Видать, не проняло его. Ровно голос его прозвучал, без души.
— И что же... За подругу просить пришла?
Кивнула Варя.
— Не у кого просить. Не возвращают чёрти забранного. Оно и правильно — затеял чего, так не трусь потом. Имей смелость до конца дело довести. А не вышло — расплачивайся.
— И... Поделать совсем ничего нельзя? — упал у Вари голос.
— Нельзя.
К ней незнакомый начал поворачиваться. Медленно. Лениво. И на каждое движение всё поганее будто у Вари на душе становится. А как развернулся и лицо Варя его увидела... Так чуть сердце у неё не оборвалось.

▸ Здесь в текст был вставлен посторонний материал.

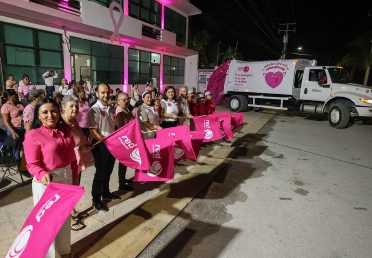 En el marco de la campaña “Que no SENOS olvide”, la presidenta municipal, junto con el Sistema DIF Puerto Morelos y la empresa Red Ambiental, benefició a 11 mujeres que han pasado por un proceso de mastectomía, además de encabezar el encendido rosa del Palacio Municipal.

На лицо у него глаз один. Не выбит второй, не хворает. Просто отсутствует. И не загадывалось его. Просто один глаз, по самому центру на Варю глядит. Без ресниц, без века. Страшный.
Лихо это одноглазое. Самый страшный дух. Встретишь его — и не сдобровать уже. Никто от него целым и невредимым не уходил. Нет у лиха жалости. Не делает оно различий — прав или виноват. Просто зла всему живому желает.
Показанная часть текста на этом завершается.